Kevin is the tall, handsome, dark-voiced presenter of the television programme called Grand Designs, by which I became gripped when it first ran in the autumn of 1999. Grand Designs follows people through the vicissitudes and pleasures (mainly vicissitudes) of building their own homes.

And Kevin is such an athletically enthusiastic presenter, so sexily knowledgeable about architecture, that it is possible entirely to miss the point of the films.

This is that every single project takes far longer than expected, and everyone runs out of money. If I grasped this idea at all that first series, it was only to think that obviously these people weren't going the right way about it. So when an estate agent finally ran out of patience and suggested that instead of buying a house I might like to buy a patch of weeds and nettles down a semi-industrial lane in north London, I jumped at the chance.
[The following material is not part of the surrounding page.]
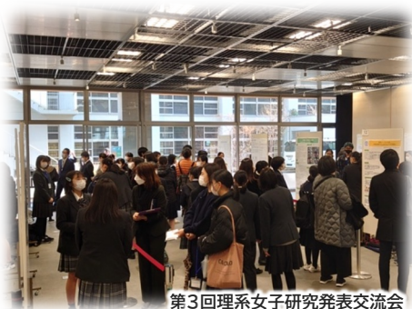
第3回理系女子研究発表交流会
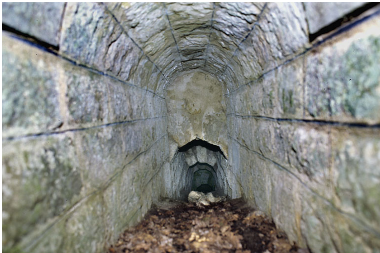
Voûte appareillée en rouleaux à ressauts, depuis l'amont.

If I couldn't find a home to fit my family, I would build a house around them, just like on Grand Designs. Perhaps Kevin would turn up to admire my taste in kitchen worktops and discuss modernism with me. Well, no, because although Grand Designs did approach my architects, they declined on the grounds that Kevin and his cameras would be too much of a distraction. So I have run out of money and watched the building work drift on without his help.

At least until today. Kevin recently completed filming for the third series of Grand Designs, and he has agreed to be interviewed on the site of my new house. Unfortunately there's not much to see: although the builders have been working since last November and initially suggested a handover date of 3 April, the building still doesn't have a roof. There are some internal walls, however, and I have high hopes of Kevin appreciating the radicalism and drama of the design.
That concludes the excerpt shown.